I've also used a similar technique to have per-domain custom images overriding specific URL paths (eg `/logo.png`), which was a really quick way to allow some customization of a multi-tenant application without having to make major code modifications to support it (only used for a tiny handful of customers).
I think you'll find they're using ARR and not HAProxy for the "batteries included" load balancer.

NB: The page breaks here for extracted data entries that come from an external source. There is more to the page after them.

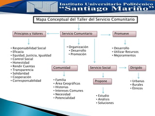 Este documento presenta un mapa conceptual sobre el taller de servicio comunitario. Describe los principios y valores del servicio comunitario como la responsabilidad social, equidad e igualdad. Explica que el servicio comunitario se dirige a las comunidades urbanas, rurales y étnicas para estudiar sus necesidades y proponer soluciones. También resume los objetivos del gobierno venezolano de promover un nuevo modelo socialista, productivo e inclusivo para el país.
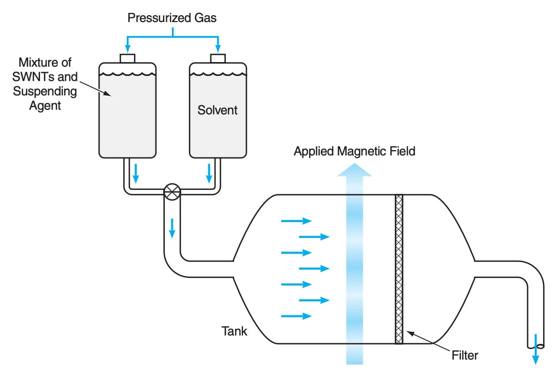 The great variety of tubular fullerene molecules and of the structures that could be formed by assembling them in various ways precludes a complete description of the present method within the limits of this article. It must suffice to present a typical example of the use of one of many possible variants of the method to form a membrane comprising SWNTs aligned substantially parallel to each other in the membrane plane. The apparatus used in this variant of the method (see figure) includes a reservoir containing SWNTs dispersed in a suspending agent (for example, dimethylformamide) and a reservoir containing a suitable solvent (for example, water mixed with a surfactant). By use of either pressurized gas supplied from upstream or suction from downstream, the suspension of SWNTs and the solvent are forced to mix and flow into a tank. A filter inside the tank contains pores small enough to prevent the passage of most SWNTs, but large enough to allow the passage of molecules of the solvent and suspending agent. The filter is oriented perpendicular to the flow path. A magnetic field parallel to the plane of the filter is applied.
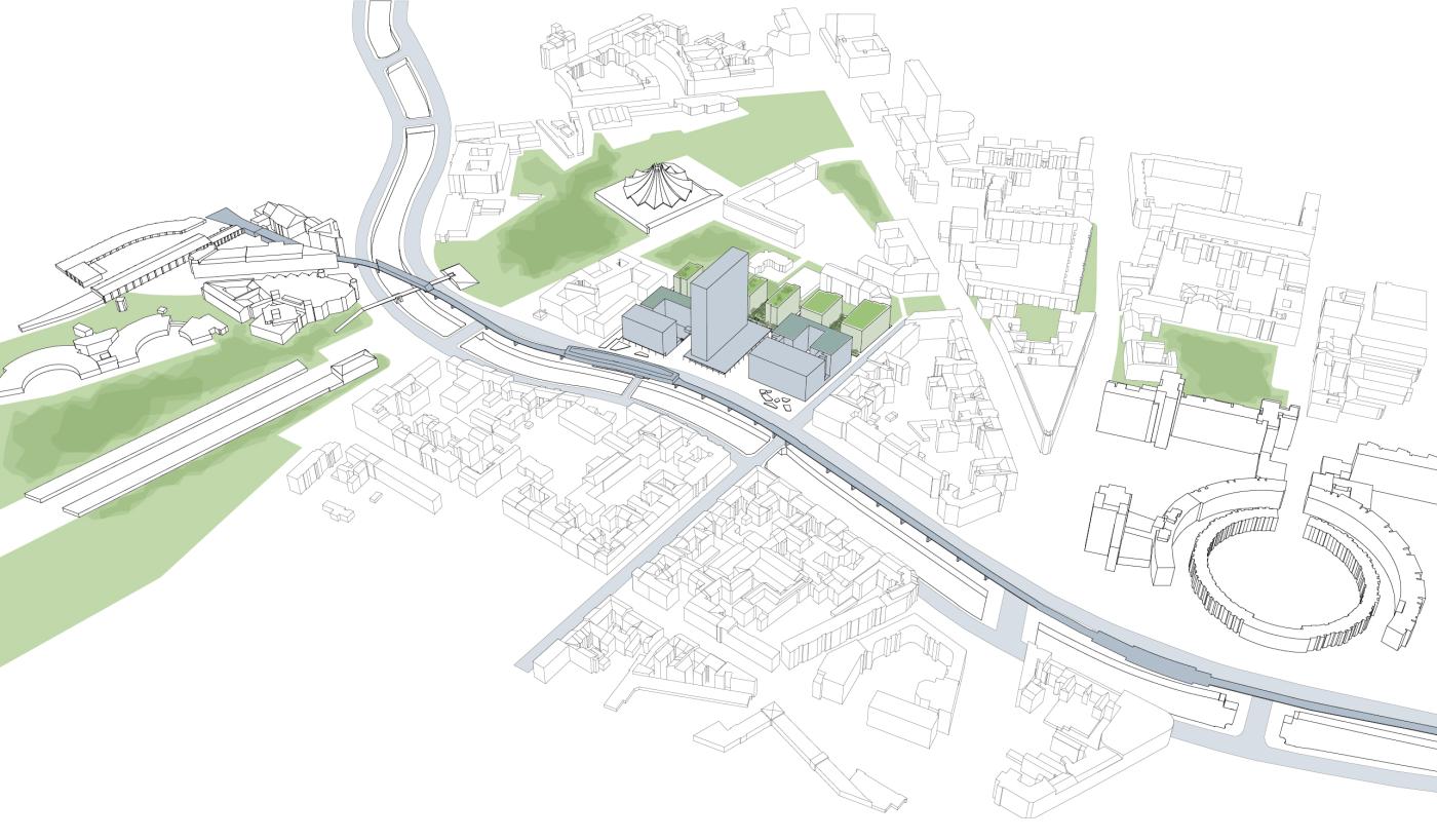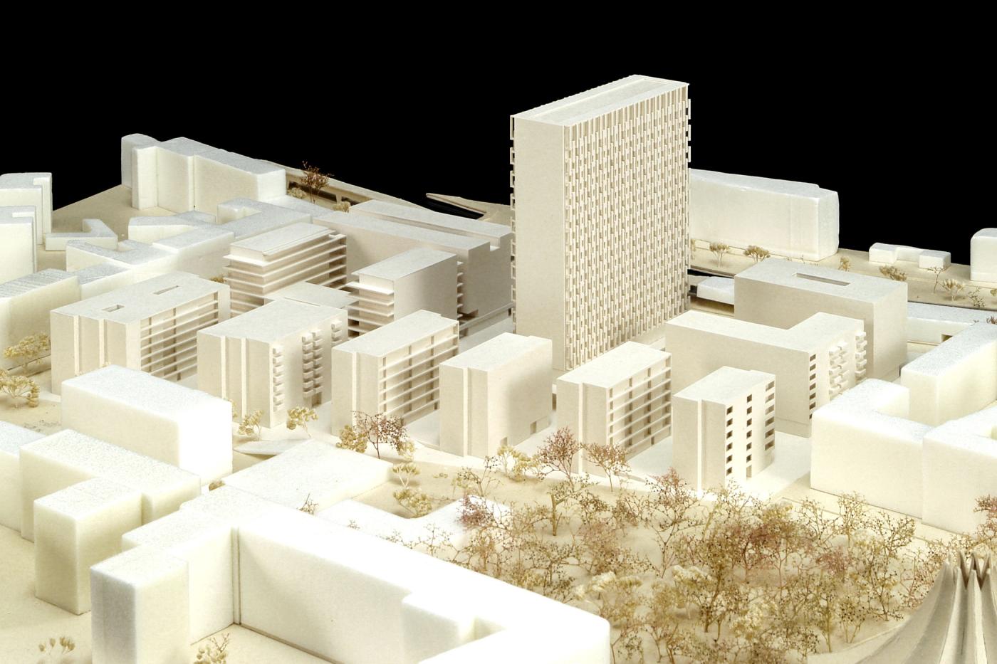 - Masterplan für ein städtisches Sanierungsgebiet mit Mischnutzung aus Wohnen, Einzelhandel, Büros, Hotel, Kindertagesstätte; ein bestehendes Hochhaus wird erhalten und umgenutzt
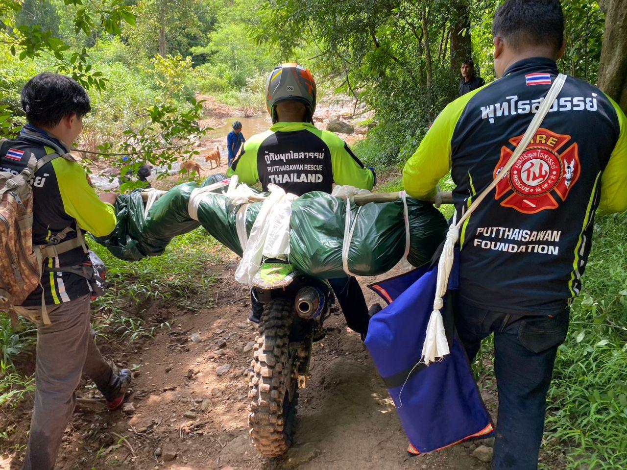 นายอมร จิตพรหมมา หน.หน่วยกู้ภัยพุทไธสวรรย์ ได้บันทึกสถานที่เกิดเหตุ ก่อนลำเลียงศพลงจากยอดเขาด้วยการแบก ซึ่งเป็นไปอย่างยากลำบากเนื่องจากมีฝนตกลงมาอย่างต่อเนื่อง ทำให้เสียเวลากับการสร้างเส้นทางเดินมาตลอดทาง ซึ่งกว่าจะถึงพื้นราบก็หลายชั่วโมง จากนั้นกู้ภัยฯ ได้ใช้รถจักรยานยนต์ลำเลียงศพลัดเลาะมาจนถึงอ่างเก็บน้ำซับตะเคียน นำศพมาลงเรือเพื่อเตรียมนำเข้าฝั่งเพื่อรอนำส่ง รพ.ชัยบาดาลเพื่อให้แพทย์ได้ทำการชันสูตรพลิกศพ
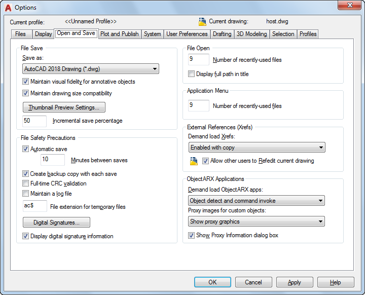 Turns xref demand-loading on and off, and controls whether it opens the referenced drawing or a copy.
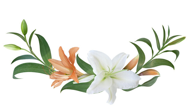 White and orange Lily flower bouquet isolated on transparent background
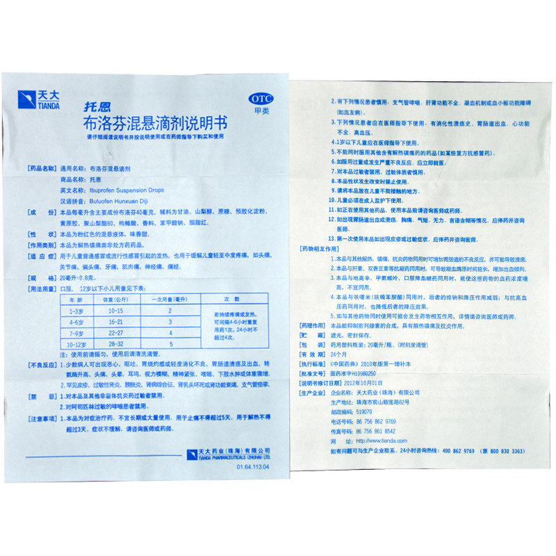 Тонбрафен смешанная капля подвески падает 20 мл детского гриппа официальное флагманское магазин
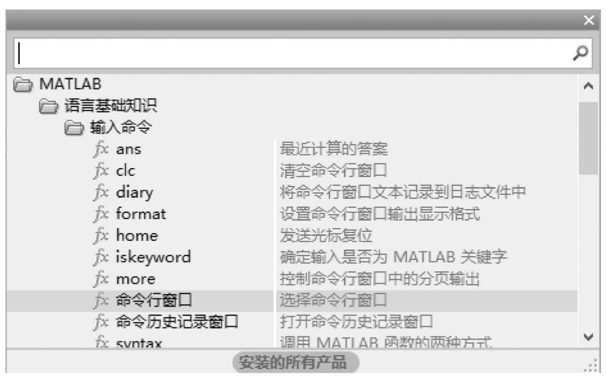 在命令行窗口内单击鼠标,使光标停留在命令行窗口,再单击按键 〈Shift+F1〉,MAT-LAB将打开函数浏览器窗口,如图1-3所示。
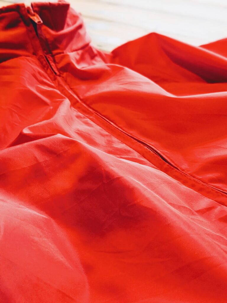 カラーはレッド、ボディはサラサラとしたナイロン生地で軽い着心地。
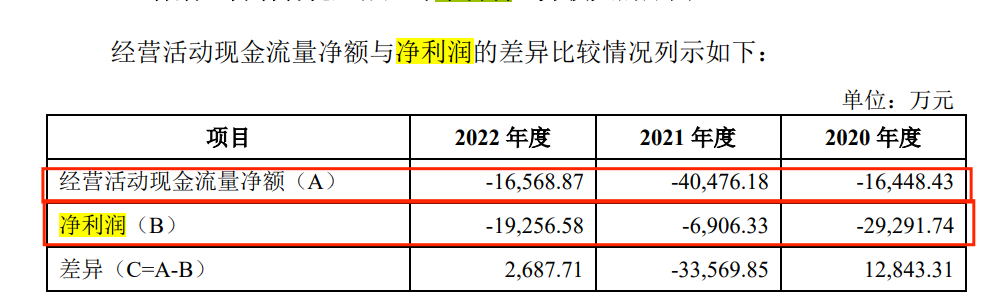 与此同时,企业的经营现金流也长期为负,基本靠融资生存。2020-2022年,其经营活动现金流净额分别为-1.64亿元、-4.05亿元、-1.66亿元。
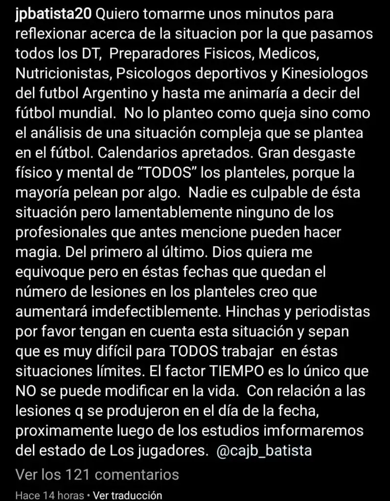 Luego del partido y de la lesión de Marcos, el médico de Boca, Jorge Batista, escribió una carta en su cuenta de Instagram. La del capitán pareció ser la gota que rebasó el vaso: “Quiero tomarme unos minutos para reflexionar acerca de la situación por la que pasamos todos los DT, Preparadores Físicos, Médicos, Nutricionistas, Psicólogos deportivos y Kinesiólogos del futbol Argentino y hasta me animaría a decir del fútbol mundial”, comenzó el Doctor.
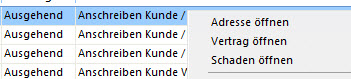 Damit man jetzt noch schnell er im Programm zu gewünschter Adresse, Vertrag oder Schaden kommt, kann man mit einem Maus-Rechtsklick auf das Dokument das gewünschte Ziel auswählen.

You can tell this from the cookie names "ARRAffinity" and "ARRAffinitySameSite".
The ease with which you can make real-time reactions to threats and conditions is really second to none, and with the ability to truly "hitless" reload (reload without affecting in-flight requests and connections) it makes those have immediate impact and no customer impact.
Sometimes the capabilities make the config a bit inscrutable, but other than that, I can't recommend it enough.
We ended up using HAPRoxy as front for pretty much everything (even if techncially slapping just Nginx would be simpler at first), just because it often happens that this and that needs to be added (stuff like adding proper headers when devs don't want to figure out how to make their '00s CMS emi the '20s security headers).
It can also talk directly via unix socket to the backends so you don't even need to have a bunch of ports open if you want to front something.
The general answer here, is no, I don't think you can do much in HAProxy that you can't do with OpenResty, but with HAProxy you generally don't have to pay the overhead of Lua (and HAProxy tends to be very well optimized, so the difference can be significant at high throughput of requests / bytes).